2. The method of claim 1 , wherein storing the subset of productions in the L1 PRF comprises storing a subset of logical registers supported by an instruction set architecture (ISA) of the processor in the L1 PRF, wherein the subset of logical registers are mapped to physical registers of the backing PRF.
3. The method of claim 2 , further comprising storing two or more versions of at least one logical register of the subset of logical registers in the L1 PRF, the two or more versions corresponding to mappings of the at least one logical register to different physical registers.
4. The method of claim 3 , further comprising tagging the subset of the logical registers stored in the L1 PRF based on names of physical registers to which the subset of the logical registers stored in the L1 PRF are mapped.

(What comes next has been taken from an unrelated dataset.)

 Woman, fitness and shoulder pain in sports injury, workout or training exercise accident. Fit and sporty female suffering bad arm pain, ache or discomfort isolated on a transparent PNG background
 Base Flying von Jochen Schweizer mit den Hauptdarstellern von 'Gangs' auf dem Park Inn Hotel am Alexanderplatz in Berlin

5. The method of claim 2 , wherein storing the subset of productions in the L1 PRF comprises storing only a latest mapping of the subset of logical registers in the L1 PRF.
6. The method of claim 2 , further comprising associating a valid bit with a logical register of the subset of logical registers stored in the L1 PRF, the valid bit for indicating whether the logical register has a valid mapping to a physical register.

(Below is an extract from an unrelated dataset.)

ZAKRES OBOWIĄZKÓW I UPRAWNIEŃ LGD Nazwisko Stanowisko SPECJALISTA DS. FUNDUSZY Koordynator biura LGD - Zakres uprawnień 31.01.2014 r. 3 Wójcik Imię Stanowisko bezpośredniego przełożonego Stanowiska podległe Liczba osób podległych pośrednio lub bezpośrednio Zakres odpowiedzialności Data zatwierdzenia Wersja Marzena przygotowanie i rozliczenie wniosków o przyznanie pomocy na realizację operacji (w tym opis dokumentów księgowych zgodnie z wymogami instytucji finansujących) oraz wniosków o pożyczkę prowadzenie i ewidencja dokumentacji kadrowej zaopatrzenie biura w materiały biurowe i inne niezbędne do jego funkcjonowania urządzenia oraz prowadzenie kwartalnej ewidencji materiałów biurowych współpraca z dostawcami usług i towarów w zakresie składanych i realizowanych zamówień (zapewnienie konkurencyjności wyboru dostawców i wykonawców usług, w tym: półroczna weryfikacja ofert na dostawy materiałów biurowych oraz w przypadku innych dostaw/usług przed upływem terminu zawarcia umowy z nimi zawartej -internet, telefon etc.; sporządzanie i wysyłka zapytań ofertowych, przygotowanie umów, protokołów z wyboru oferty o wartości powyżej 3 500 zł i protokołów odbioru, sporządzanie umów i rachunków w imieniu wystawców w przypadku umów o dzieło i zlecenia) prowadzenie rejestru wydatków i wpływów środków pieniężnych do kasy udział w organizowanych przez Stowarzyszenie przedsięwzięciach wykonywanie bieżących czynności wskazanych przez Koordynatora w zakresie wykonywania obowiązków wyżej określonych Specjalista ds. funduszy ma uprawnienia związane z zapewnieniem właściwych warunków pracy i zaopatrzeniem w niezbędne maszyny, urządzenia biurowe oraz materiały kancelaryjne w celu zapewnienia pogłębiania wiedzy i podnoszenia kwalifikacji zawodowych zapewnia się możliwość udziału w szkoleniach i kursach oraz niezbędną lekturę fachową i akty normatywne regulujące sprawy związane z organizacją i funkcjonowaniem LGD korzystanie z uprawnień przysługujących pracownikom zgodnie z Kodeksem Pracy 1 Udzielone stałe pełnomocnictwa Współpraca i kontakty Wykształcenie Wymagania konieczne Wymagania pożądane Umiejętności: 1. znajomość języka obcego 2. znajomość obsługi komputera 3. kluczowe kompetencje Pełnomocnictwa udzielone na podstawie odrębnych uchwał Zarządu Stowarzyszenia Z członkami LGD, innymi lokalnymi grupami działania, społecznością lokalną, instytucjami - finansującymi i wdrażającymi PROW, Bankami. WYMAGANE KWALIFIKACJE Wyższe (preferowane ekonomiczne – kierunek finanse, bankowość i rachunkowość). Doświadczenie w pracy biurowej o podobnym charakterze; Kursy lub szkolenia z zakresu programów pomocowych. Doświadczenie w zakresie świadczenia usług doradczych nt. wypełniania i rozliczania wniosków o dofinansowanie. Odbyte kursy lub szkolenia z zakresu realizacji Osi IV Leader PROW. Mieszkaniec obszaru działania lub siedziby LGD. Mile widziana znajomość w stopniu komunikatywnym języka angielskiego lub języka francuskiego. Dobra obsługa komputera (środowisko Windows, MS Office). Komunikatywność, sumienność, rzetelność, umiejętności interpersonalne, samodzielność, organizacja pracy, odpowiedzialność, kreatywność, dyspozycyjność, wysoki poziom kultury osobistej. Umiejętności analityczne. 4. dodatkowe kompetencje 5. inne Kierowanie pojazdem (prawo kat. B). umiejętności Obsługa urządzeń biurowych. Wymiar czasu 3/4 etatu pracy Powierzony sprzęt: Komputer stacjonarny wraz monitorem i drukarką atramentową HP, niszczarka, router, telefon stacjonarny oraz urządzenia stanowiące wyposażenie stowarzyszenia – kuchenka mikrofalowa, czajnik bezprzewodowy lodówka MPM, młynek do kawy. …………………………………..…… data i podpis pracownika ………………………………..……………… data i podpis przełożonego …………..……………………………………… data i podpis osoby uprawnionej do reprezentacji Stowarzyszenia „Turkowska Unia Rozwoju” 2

7. The method of claim 6 , comprising invalidating the valid bit associated with the logical register if an instruction which produced the logical register was mis-speculated.
8. The method of claim 1 , wherein storing the subset of productions in the L1 PRF comprises storing a subset of productions corresponding to the physical registers of the backing PRF in the L1 PRF.
9. The method of claim 1 , further comprising: determining that a first production of a first instruction, the first production expressed as a first logical register, has a high likelihood of future use based on determining that a mapping of the first logical register to a first physical register when execution of the first instruction was completed to generate the first production is the same as the original mapping assigned to the first logical register in a rename stage of execution of the first instruction in the instruction pipeline.
10. The method of claim 9 , wherein determining that the mapping of the first logical register to the first physical register is the same as the original mapping is based on determining that a first entry corresponding to the first physical register in a write filter is set, wherein the write filter comprises entries corresponding to physical registers stored in the backing PRF.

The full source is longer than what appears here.